Exercise details
The reply should hold every line of the listing exactly, and none of its images.

Data under study

--------------------

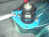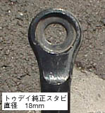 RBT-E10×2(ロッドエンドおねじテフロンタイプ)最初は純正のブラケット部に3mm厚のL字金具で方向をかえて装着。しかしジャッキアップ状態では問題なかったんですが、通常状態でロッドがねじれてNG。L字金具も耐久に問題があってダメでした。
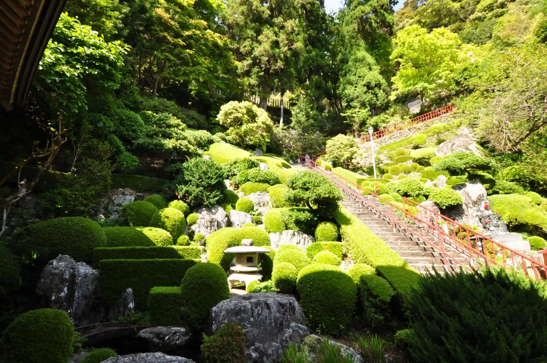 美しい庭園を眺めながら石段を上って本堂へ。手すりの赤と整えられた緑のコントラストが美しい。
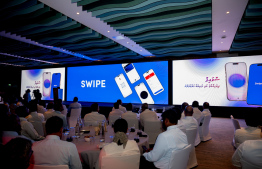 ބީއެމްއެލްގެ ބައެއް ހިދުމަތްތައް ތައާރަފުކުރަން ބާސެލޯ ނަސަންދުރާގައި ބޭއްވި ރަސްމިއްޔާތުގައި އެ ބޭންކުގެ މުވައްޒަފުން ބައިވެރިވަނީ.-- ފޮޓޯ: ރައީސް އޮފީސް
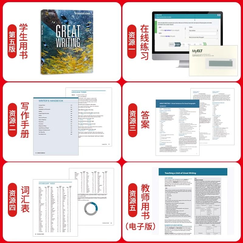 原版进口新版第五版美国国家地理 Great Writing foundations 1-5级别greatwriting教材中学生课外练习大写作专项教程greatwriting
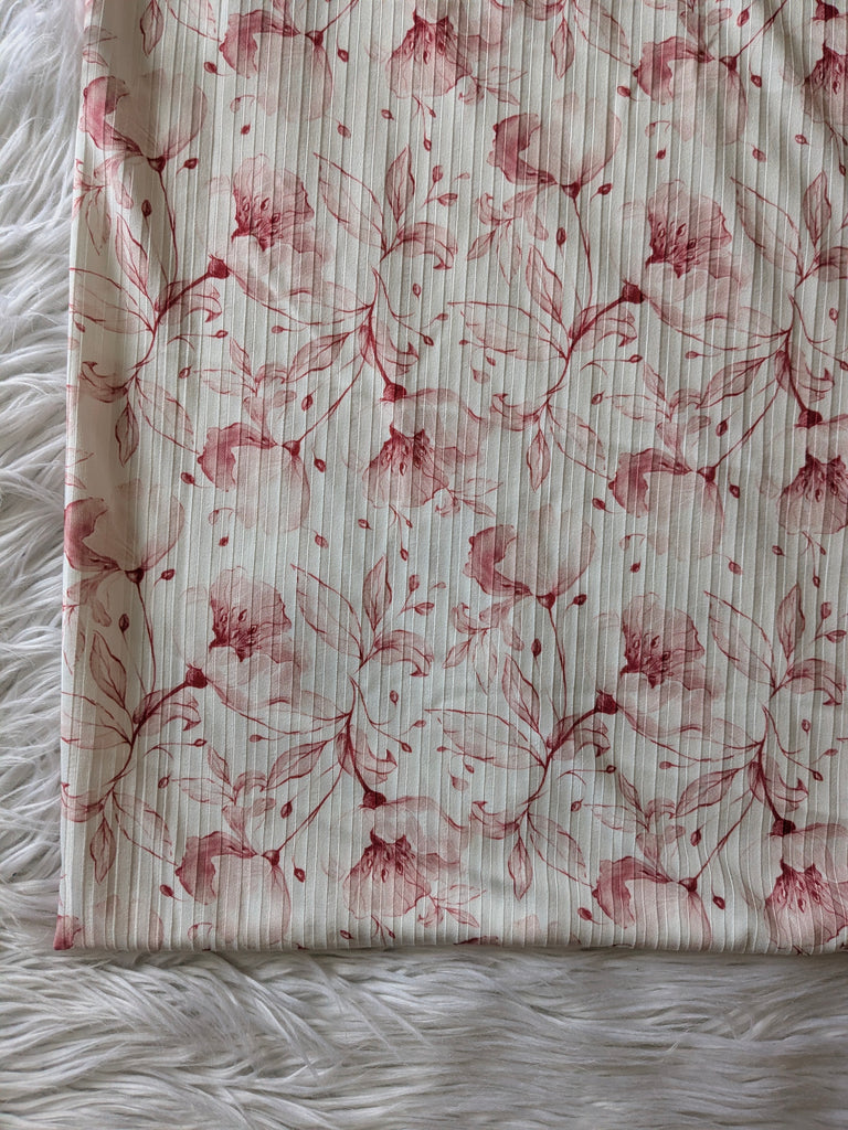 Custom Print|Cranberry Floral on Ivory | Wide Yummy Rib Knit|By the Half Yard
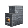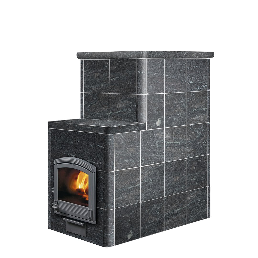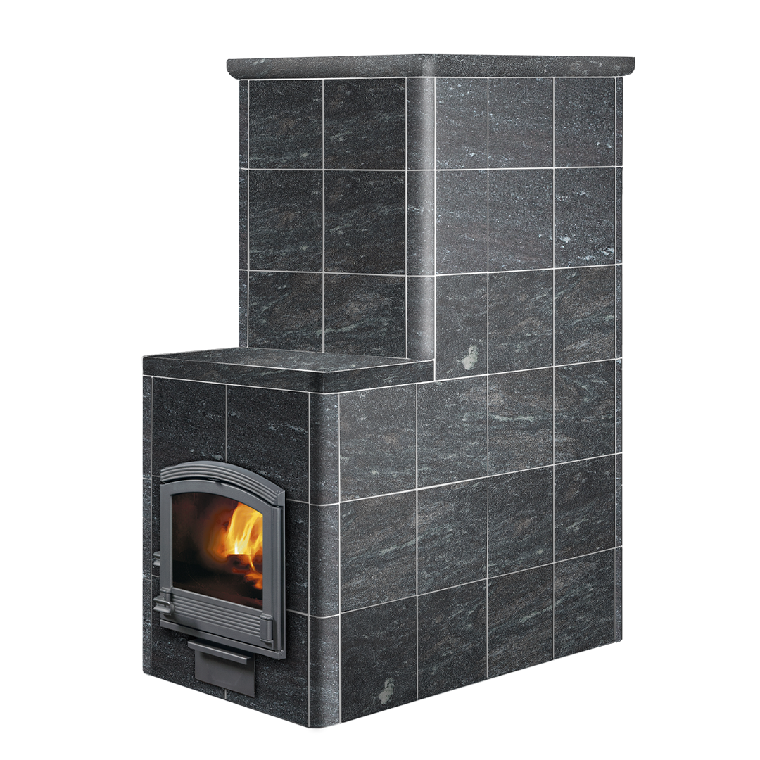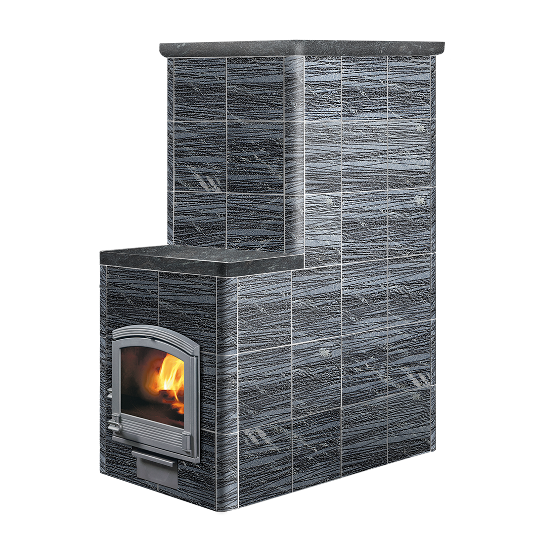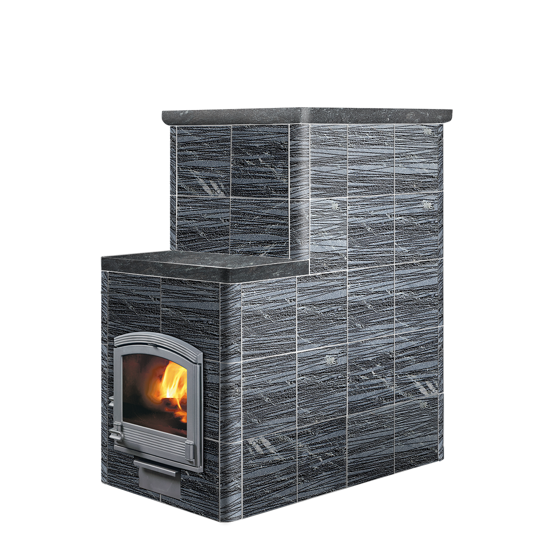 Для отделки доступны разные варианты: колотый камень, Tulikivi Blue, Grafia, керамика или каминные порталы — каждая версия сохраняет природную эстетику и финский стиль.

--------------------

Result of this task
 RBT-E10×2(ロッドエンドおねじテフロンタイプ)最初は純正のブラケット部に3mm厚のL字金具で方向をかえて装着。しかしジャッキアップ状態では問題なかったんですが、通常状態でロッドがねじれてNG。L字金具も耐久に問題があってダメでした。
 美しい庭園を眺めながら石段を上って本堂へ。手すりの赤と整えられた緑のコントラストが美しい。
 ބީއެމްއެލްގެ ބައެއް ހިދުމަތްތައް ތައާރަފުކުރަން ބާސެލޯ ނަސަންދުރާގައި ބޭއްވި ރަސްމިއްޔާތުގައި އެ ބޭންކުގެ މުވައްޒަފުން ބައިވެރިވަނީ.-- ފޮޓޯ: ރައީސް އޮފީސް
 原版进口新版第五版美国国家地理 Great Writing foundations 1-5级别greatwriting教材中学生课外练习大写作专项教程greatwriting
 Custom Print|Cranberry Floral on Ivory | Wide Yummy Rib Knit|By the Half Yard
 Для отделки доступны разные варианты: колотый камень, Tulikivi Blue, Grafia, керамика или каминные порталы — каждая версия сохраняет природную эстетику и финский стиль.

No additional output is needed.